9. Don’t forget to submit your work
Take-home exams aren’t done until you ‘Submit’ them through Turnitin. You can submit your file as many times as you wish, but only the last file submitted will be saved. Before you upload the file, do check it through, review your work for typos as well as content. If you have time left once you’ve completed your first check, then give it another run through. Once you’re done with that, submit your work via the appropriate Turnitin submission point, ensuring your submission is confirmed.
10. List of key University contacts to support you in the preparation for the take-home exam
In addition to the teaching team on your module, you can seek support from your Personal Academic Tutor and your peer mentor if you have one.
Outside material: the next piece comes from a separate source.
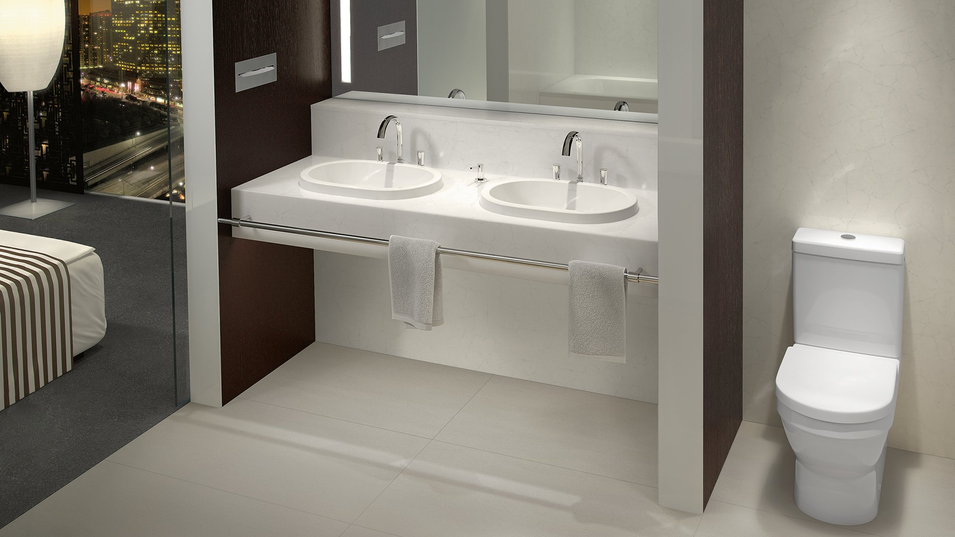 Architectura trở thành tuyên ngôn thiết kế của thời đại nhờ kiểu dáng giản lược kết hợp với các chi tiết tinh tế. Thiết kế bo góc ấn tượng, đồng bộ từ lavabo, bồn cầu và bồn tắm, giúp không gian có thêm điểm nhấn.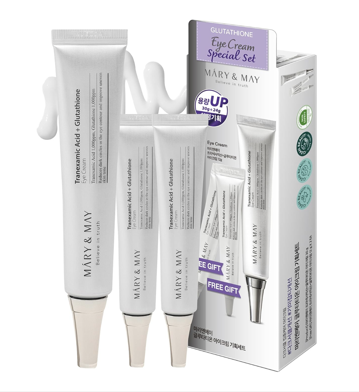 El Glutathione Eye Cream Special Set de Mary & May está diseñado para tratar ojeras, tono apagado y primeros signos de envejecimiento en el contorno de ojos. Su ingrediente estrella, el glutatión, es un potente antioxidante que ayuda a mejorar la luminosidad y a unificar el tono de la piel, contribuyendo a una mirada más fresca y descansada.

The following services can also support you:
|IT, systems, computer issues: firstname.lastname@example.org|
|Learning Skills Team||Learner@canterbury.ac.uk|
|Learning & Research Librarians||Learning.Research.Support@canterbury.ac.uk|
Guidance for students on the day of the exam
- Be sure to set up your computer at least 30 mins before you intend to start the exam, and leave it on charge.
- The take-home exam will be posted to Blackboard at 11:00am.
- You will have 24 hours to complete and submit your take-home exam. You will not be given any extra time. [NOTE: Some exams may have a shorter duration due to Professional Body requirements]
- Open the exam file and read carefully all the instructions given to you – save it offline as well.
- During the exam, a representative from your programme/module will be available to answer any questions if you believe there is an error in the paper. These contact details will be posted to Blackboard.
- Repeatedly save your work.
- Do not cheat. If you are found cheating, this will be reported to the University’s Student Procedures Team.
- At the end of your exam, remember to save and submit your work on Turnitin within the 24-hour time restriction (or other time-restriction if your exam requires a shorter duration due to Professional Body requirements).